◆ **AIM OF THE TASK**: There is one span to output from the data below: the lines starting at the line with "2年2組の英語の授業です。C" and ending at the line with "Get neutral with". Output it exactly, ends included, nothing more.

[DATA IN THIS EXERCISE — start]

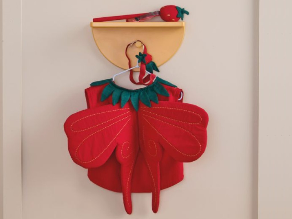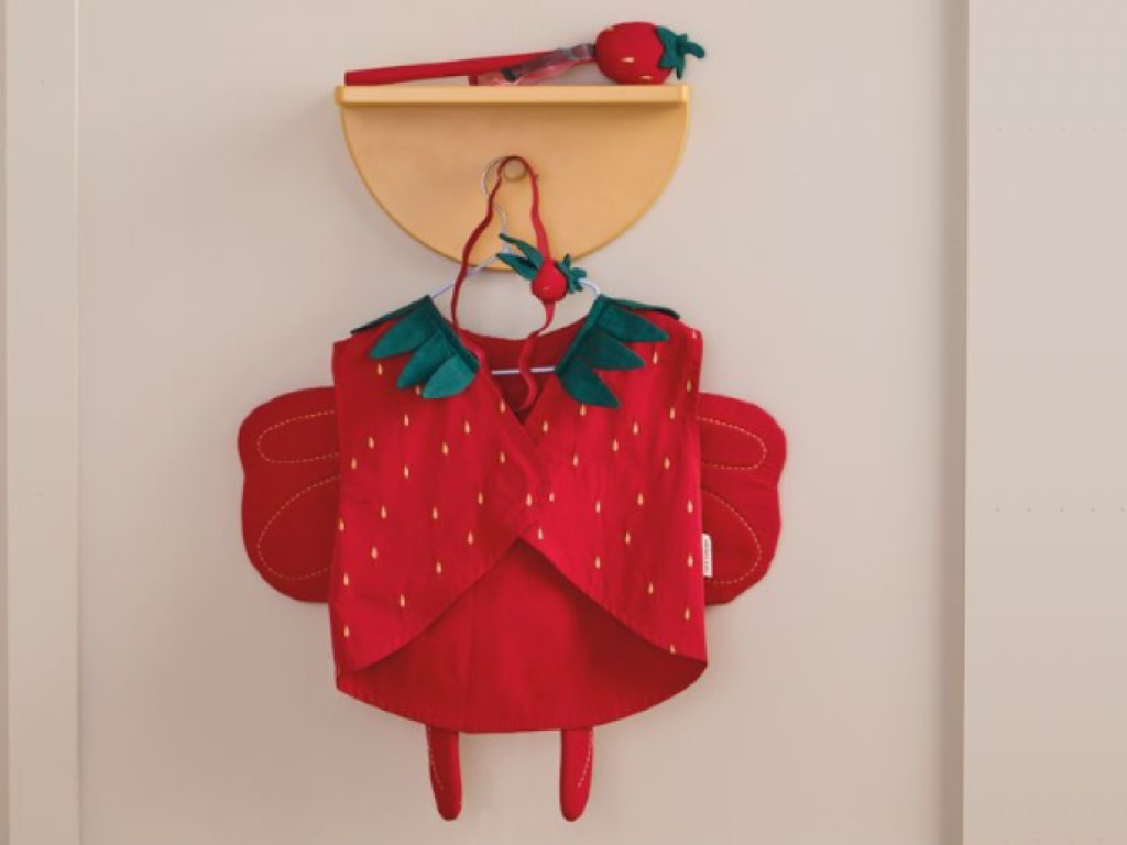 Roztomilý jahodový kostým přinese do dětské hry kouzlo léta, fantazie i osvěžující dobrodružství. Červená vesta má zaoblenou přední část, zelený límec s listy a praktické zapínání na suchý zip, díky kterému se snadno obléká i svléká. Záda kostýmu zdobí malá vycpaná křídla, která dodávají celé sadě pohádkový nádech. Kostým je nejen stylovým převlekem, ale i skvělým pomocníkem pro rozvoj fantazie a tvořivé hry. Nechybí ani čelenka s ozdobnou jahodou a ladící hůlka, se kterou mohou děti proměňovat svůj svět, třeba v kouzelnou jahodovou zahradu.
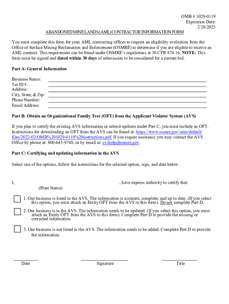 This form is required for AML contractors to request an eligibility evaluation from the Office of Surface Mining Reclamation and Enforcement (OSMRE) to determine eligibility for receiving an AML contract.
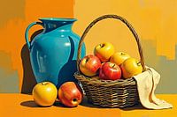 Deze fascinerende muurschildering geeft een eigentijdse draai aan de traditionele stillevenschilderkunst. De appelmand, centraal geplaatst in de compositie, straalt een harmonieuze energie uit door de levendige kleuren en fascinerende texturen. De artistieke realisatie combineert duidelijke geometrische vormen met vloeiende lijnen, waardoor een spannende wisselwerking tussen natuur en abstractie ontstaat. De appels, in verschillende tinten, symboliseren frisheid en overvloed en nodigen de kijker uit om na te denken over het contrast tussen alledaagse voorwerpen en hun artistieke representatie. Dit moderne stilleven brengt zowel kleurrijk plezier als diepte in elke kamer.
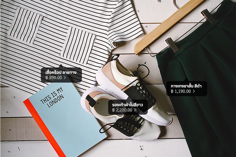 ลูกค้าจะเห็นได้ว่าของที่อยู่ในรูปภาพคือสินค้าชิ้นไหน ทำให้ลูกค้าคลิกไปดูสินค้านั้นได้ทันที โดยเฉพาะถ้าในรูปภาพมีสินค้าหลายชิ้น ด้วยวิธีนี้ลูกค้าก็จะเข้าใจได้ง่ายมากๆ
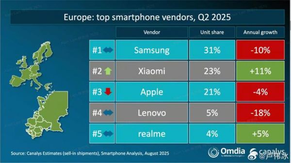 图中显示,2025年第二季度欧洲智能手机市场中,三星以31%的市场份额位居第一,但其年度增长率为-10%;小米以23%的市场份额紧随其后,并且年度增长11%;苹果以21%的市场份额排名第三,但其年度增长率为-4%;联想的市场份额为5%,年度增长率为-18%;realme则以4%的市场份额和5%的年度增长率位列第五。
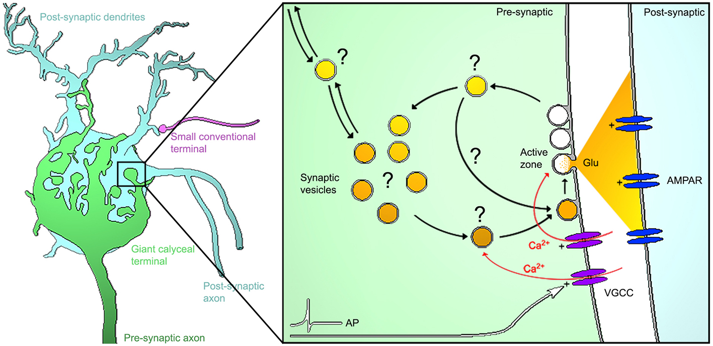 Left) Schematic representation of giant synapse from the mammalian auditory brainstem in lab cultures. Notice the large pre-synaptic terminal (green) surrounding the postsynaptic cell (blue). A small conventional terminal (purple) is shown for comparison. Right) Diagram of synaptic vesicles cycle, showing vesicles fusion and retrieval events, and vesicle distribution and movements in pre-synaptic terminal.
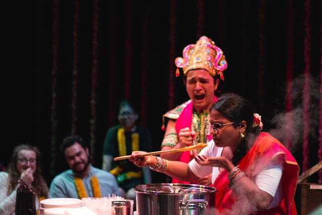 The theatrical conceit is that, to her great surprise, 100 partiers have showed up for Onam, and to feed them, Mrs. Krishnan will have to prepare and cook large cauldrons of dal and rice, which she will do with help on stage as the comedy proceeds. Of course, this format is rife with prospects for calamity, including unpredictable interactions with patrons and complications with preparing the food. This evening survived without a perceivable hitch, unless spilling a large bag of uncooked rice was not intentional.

[DATA IN THIS EXERCISE — finish]
[DATA IN THIS EXERCISE — start]

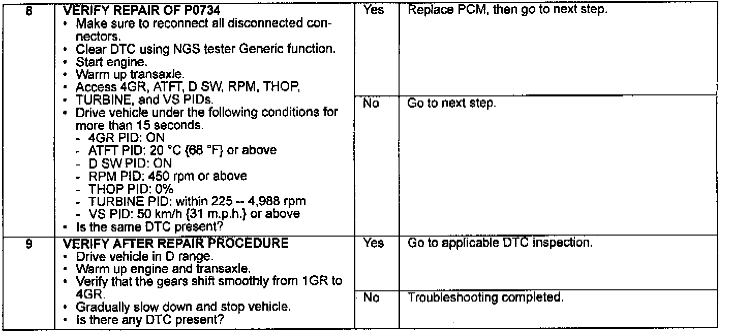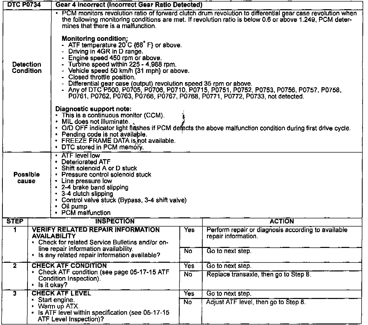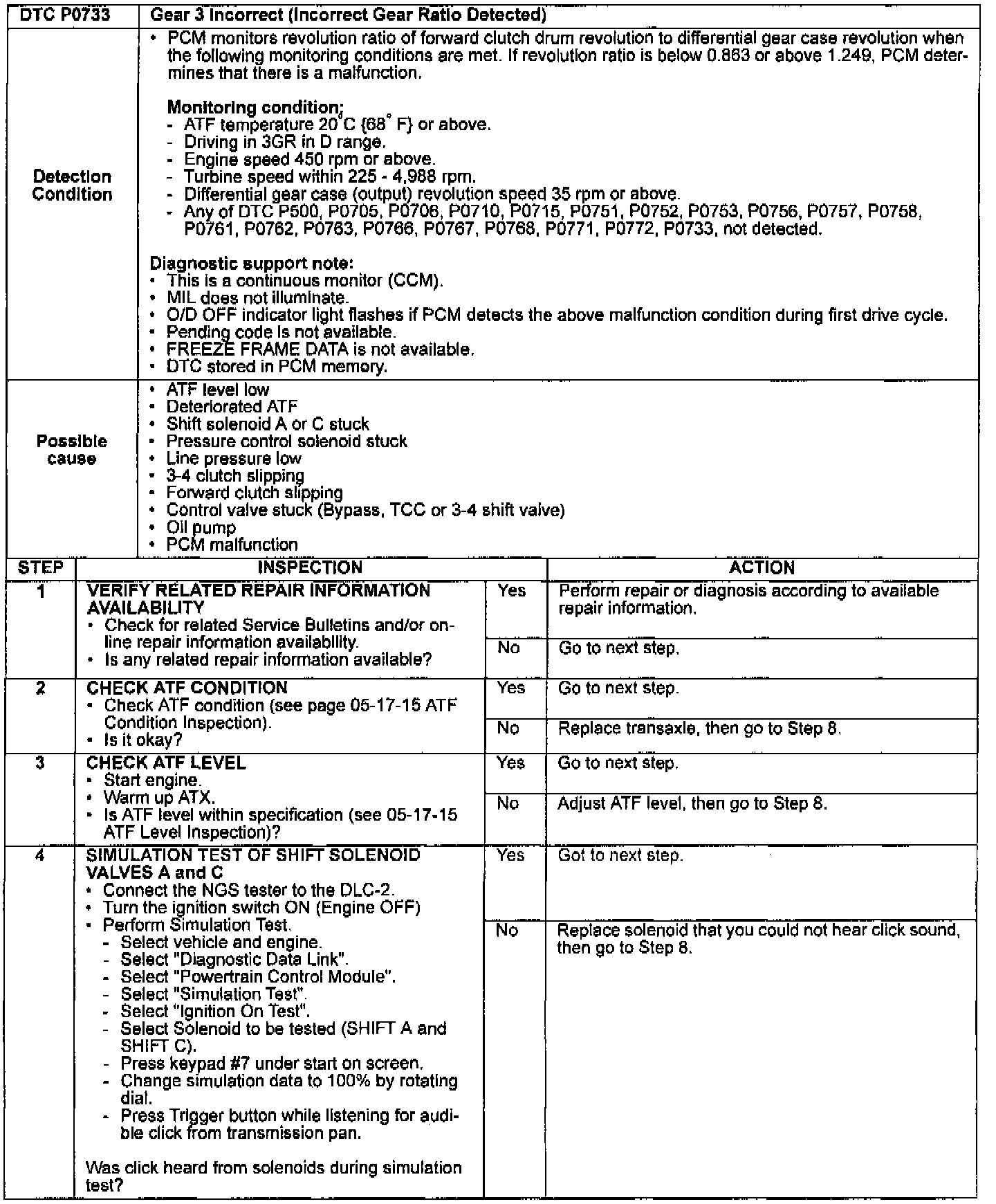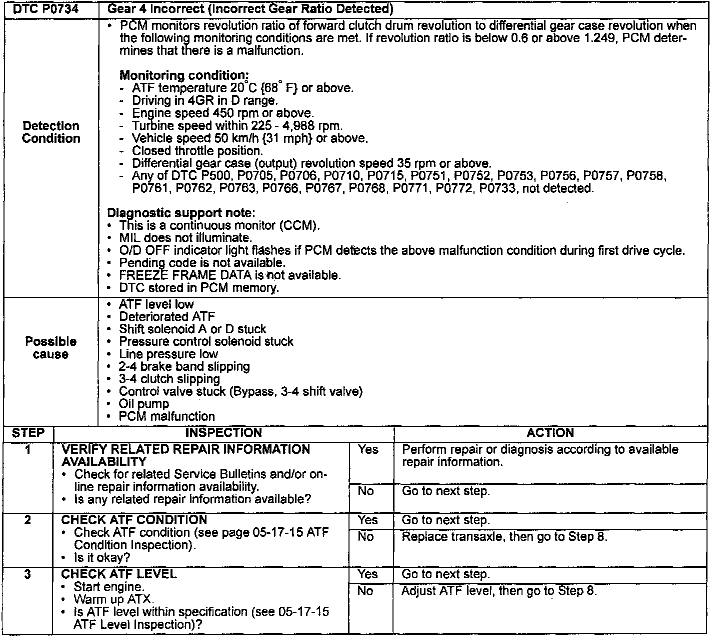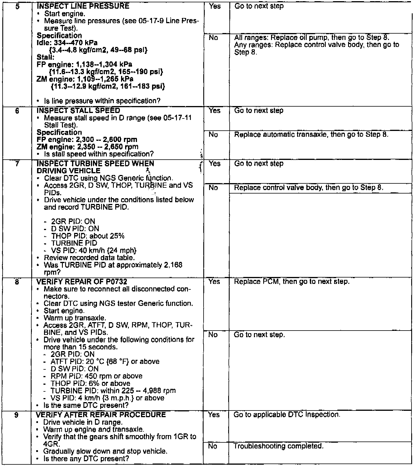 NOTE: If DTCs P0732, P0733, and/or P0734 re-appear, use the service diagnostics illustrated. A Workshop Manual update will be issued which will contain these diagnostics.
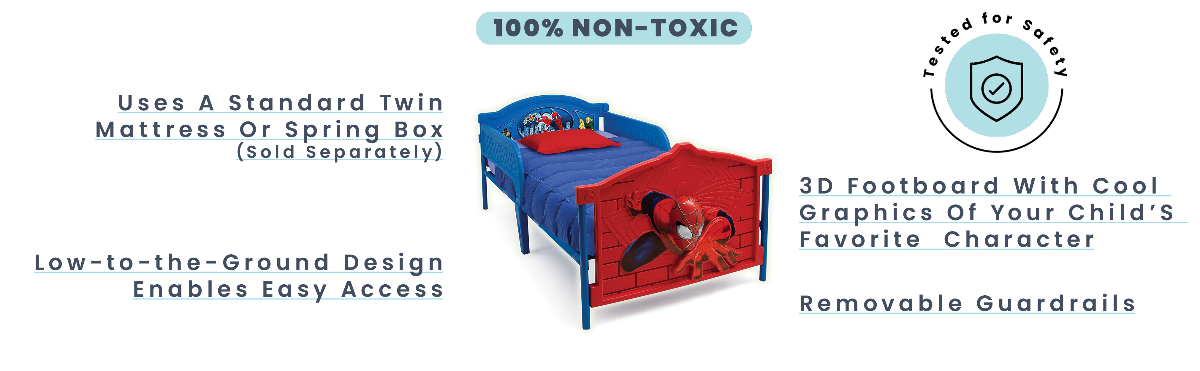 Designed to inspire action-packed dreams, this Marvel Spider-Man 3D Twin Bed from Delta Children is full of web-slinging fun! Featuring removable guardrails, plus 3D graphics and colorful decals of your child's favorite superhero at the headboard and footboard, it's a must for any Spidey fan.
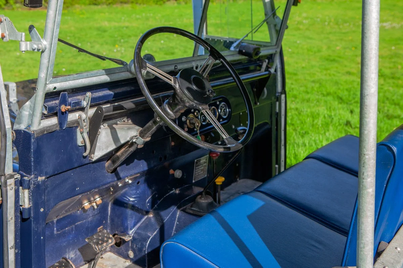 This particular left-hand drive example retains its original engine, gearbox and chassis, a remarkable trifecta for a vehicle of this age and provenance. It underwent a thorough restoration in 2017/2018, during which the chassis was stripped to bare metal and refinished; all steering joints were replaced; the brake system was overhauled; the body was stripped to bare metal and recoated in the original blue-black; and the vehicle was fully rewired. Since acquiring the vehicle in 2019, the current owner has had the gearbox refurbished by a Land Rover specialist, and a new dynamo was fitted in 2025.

[DATA IN THIS EXERCISE — finish]
[DATA IN THIS EXERCISE — start]

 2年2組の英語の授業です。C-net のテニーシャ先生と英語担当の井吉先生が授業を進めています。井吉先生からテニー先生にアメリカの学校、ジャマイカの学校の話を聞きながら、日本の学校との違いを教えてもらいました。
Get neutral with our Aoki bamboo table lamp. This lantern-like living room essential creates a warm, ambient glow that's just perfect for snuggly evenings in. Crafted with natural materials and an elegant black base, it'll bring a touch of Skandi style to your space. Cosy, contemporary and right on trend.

[DATA IN THIS EXERCISE — finish]

◆ **ANSWER AREA**:
 2年2組の英語の授業です。C-net のテニーシャ先生と英語担当の井吉先生が授業を進めています。井吉先生からテニー先生にアメリカの学校、ジャマイカの学校の話を聞きながら、日本の学校との違いを教えてもらいました。
Get neutral with our Aoki bamboo table lamp. This lantern-like living room essential creates a warm, ambient glow that's just perfect for snuggly evenings in. Crafted with natural materials and an elegant black base, it'll bring a touch of Skandi style to your space. Cosy, contemporary and right on trend.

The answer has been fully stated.